▸ **Data**:
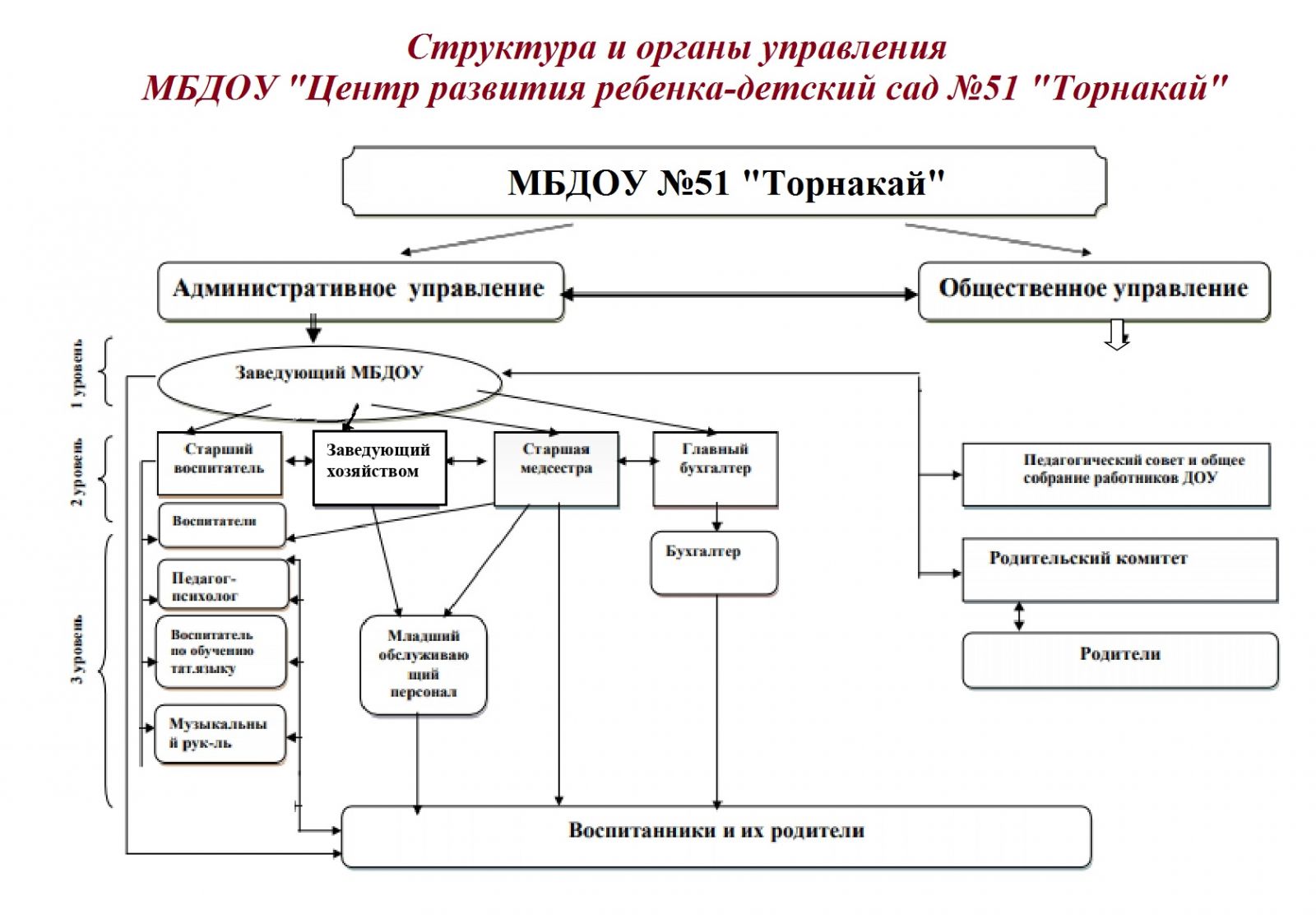 Управление МБДОУ «Центр развития ребенка-детский сад №51 «Торнакай» осуществляется на основе сочетания принципов единоначалия и коллегиальности.
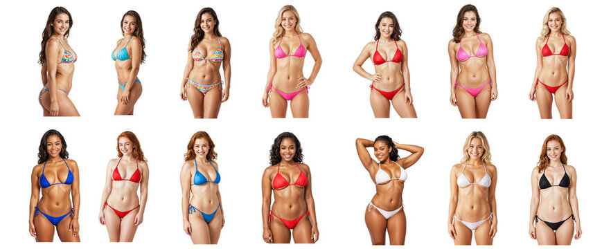 Collection of beautiful women wearing a bikini - set of woman smiling with modern swimwear png - isolated on white or transparent background, diversity, different ethnicities and skin tones, summer hd
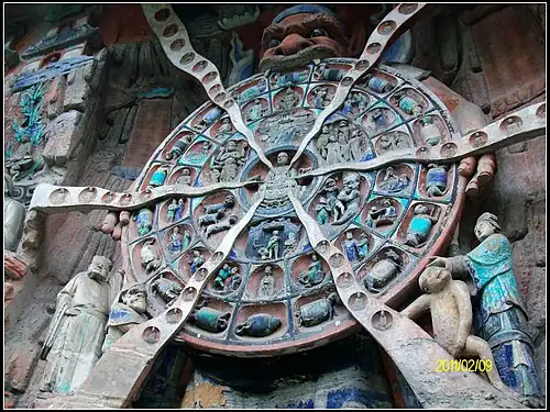 A Bhavacakra depicting the six realms of sentient beings in saṃsāra at the Dazu Rock Carvings in Chongqing, China.
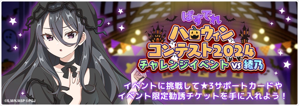 11月15日(金)よりイベント「ぱずでれハロウィンコンテスト2024チャレンジイベント VS 綾乃」を開催します。イベントに挑戦して☆3サポートカードやイベント限定勧誘チケットを手に入れよう!

▸ **Work to be completed**: The data above needs to be retyped exactly, with the images left out.

▸ **Answer space**:
 Управление МБДОУ «Центр развития ребенка-детский сад №51 «Торнакай» осуществляется на основе сочетания принципов единоначалия и коллегиальности.
 Collection of beautiful women wearing a bikini - set of woman smiling with modern swimwear png - isolated on white or transparent background, diversity, different ethnicities and skin tones, summer hd
 A Bhavacakra depicting the six realms of sentient beings in saṃsāra at the Dazu Rock Carvings in Chongqing, China.
 11月15日(金)よりイベント「ぱずでれハロウィンコンテスト2024チャレンジイベント VS 綾乃」を開催します。イベントに挑戦して☆3サポートカードやイベント限定勧誘チケットを手に入れよう!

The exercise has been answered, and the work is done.